A train travelling at a uniform speed for 360 km would have taken 48mins less to travel the same distance if it's speed were 5km more find original speed
Answers
let original speed of train = x km/h
we know,
time = distance/speed
first case
———————
time taken by train = 360/x hour
second case
——————————
time taken by train its speed increase 5 km/h = 360/( x + 5)
question says that
time taken by train in first - time taken by train in 2nd case = 48 min = 48/60 hour
360/x - 360/(x +5) = 48/60 = 4/5
360{ 1/x - 1/(x +5) } = 4/5
360 ×5/4 { 5/(x² +5x )} =1
450 x 5 = x² + 5x
x² +5x -2250 = 0
x = { -5±√(25+9000) }/2
=(-5 ±√(9025) )/2
=(-5 ± 95)/2
= -50 , 45
but x ≠ -50 because speed doesn't negative
so, x = 45 km/h
hence, original speed of train = 45 km/h
pls mark it as brainliest
Answer:
Step-by-step explanation:
Let initial speed of train be x km/hr.
Distance travelled = 360 km.
//we know that Speed = Distance/time => Time = Distance /Speed.

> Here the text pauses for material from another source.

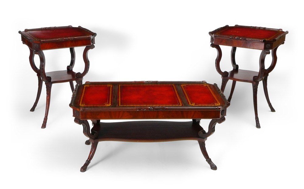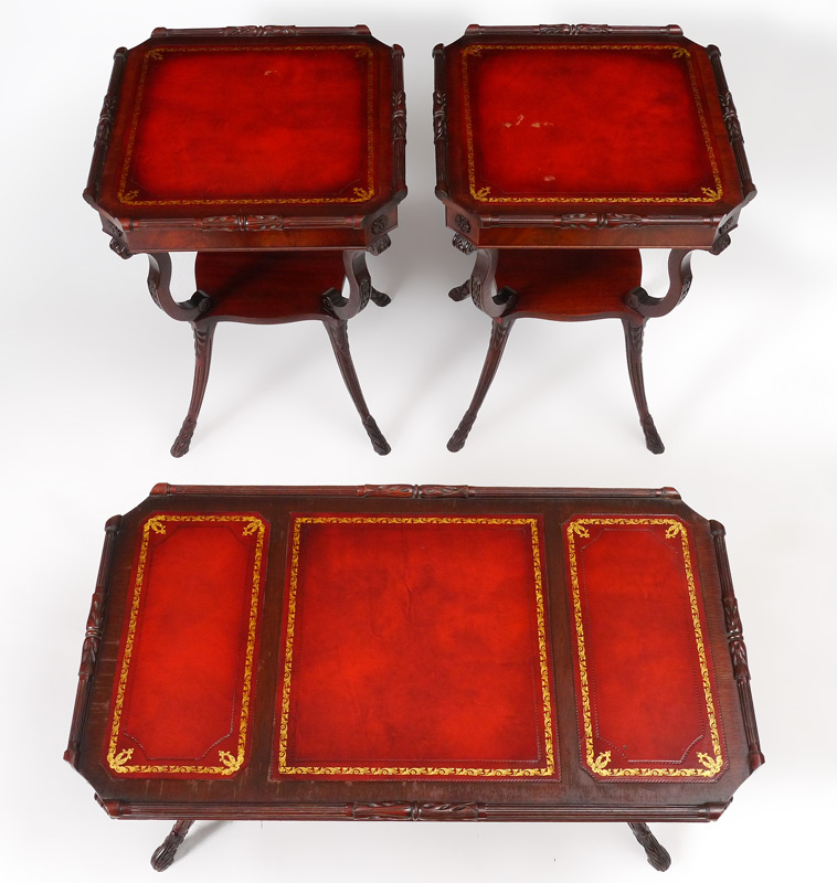 3 PIECE FRENCH COFFEE TABLE & LAMP TABLES: 3 pieces total, each with inset embossed leather panels under glass tops, carved trim, over skirt with applied decoration at corners, carved and shaped supports with open lower shelf. Coffee table measures 18 3/4'' h. x 40'' x 22'', side tables 29 1/2'' h. x 22'' x 22''.

Time taken by train Initially = 360/x.
If speed is increased by 5 km/hr,
Time taken by train = 360/x+5.
Difference in time taken = 48/60 hr.
=> 360/x - 360/x+5 = 48/60
=> 360(1/x - 1/x+5) = 48/60
=> 360[x + 5 - x / x(x+5)] = 48/60
=> 360 * 5/x(x+5) = 48/60
=> x(x+5) = 360 * 5 * 60 / 48
=> x² + 5x = 2250
=> x² + 5x - 2250 = 0
=> x² + 50x - 45x - 2250 = 0
=>x(x+50) - 45(x+50) = 0
=> (x - 45)(x + 50) = 0
=> x = 45 or -50.
Since x cannot be negative, x= 45 km/hr.
Thus original speed of train = 45 km/hr.